• Apple vs. Samsung Set to Look Over 53 Pages of Instructions to Prepare Trial Verdict

    On the last day of testimony in the Apple vs. Samsung patent trial, Samsung counsel and its final expert witness were berated by the presiding Judge Lucy Koh over possible coaching on what to say based on claim construction of a contentious Apple patent. The two tech giants met in court recently to hash out the definition of a claim relating to Apple’s ‘647 patent covering data detectors. Specifically, Apple’s definition of “analyzer servers” as presented in Apple vs. Samsung differs from a ruling handed down by the Court of Appeals for Federal Circuit last week that overturned the dismissal of a separate action involving Apple and Motorola.

    In its recent ruling, the CAFC sided with Judge Richard A. Posner’s interpretation of analyzer servers, not Apple’s version as argued in the trial against Samsung. Since Judge Koh allowed Apple to assert the patent and its claim construction, she granted both parties an hour of time and one witness each to clarify the patent in an extension to proceedings.
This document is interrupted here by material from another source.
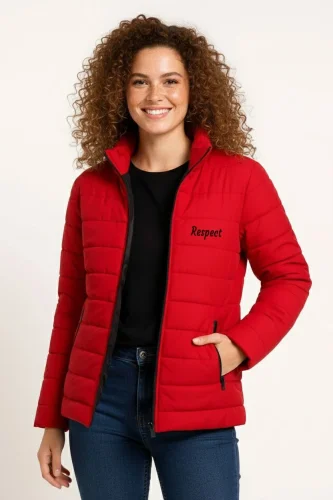 Mikro Su İtici Kapitone Baskılı Astarlı Fermuarlı Bomber Mont - Kırmızı

    The Cupertino California recalled Carnegie Mellon professor Todd Mowry to testify that Samsung is still in infringement of Apple’s “quick links” patent even with Judge Posner’s interpretation according to CNET. To counter, Samsung recalled University of North Carolina professor Kevin Jeffay. In his testimony, Jeffay mentioned he held a particular interpretation of the analyzer server, one incongruent with Apple’s definition, but claimed the court ordered him not to discuss it. Judge Koh wasn’t pleased with this.

    According to tweets from mLex correspondent Mike Swift, the jurist didn’t appreciate “that Samsung ‘prepped’ Jeffay to say he was blocked from using correct construction.” Judge Koh struck his statements from the record, adding that the expert’s deposition was “very inconsistent.”

    The South Korean tech giant was charged for the time, limiting Jeffay’s testimony to a non-infringement argument based largely on prior art in the form of Borland’s Sidekick software which was originally launched on MS-DOS in 1984. Apple and Samsung was set to present closing arguments today after which jurors would deliberate and render a verdict as per a 53-page set of finalized instructions handed out earlier.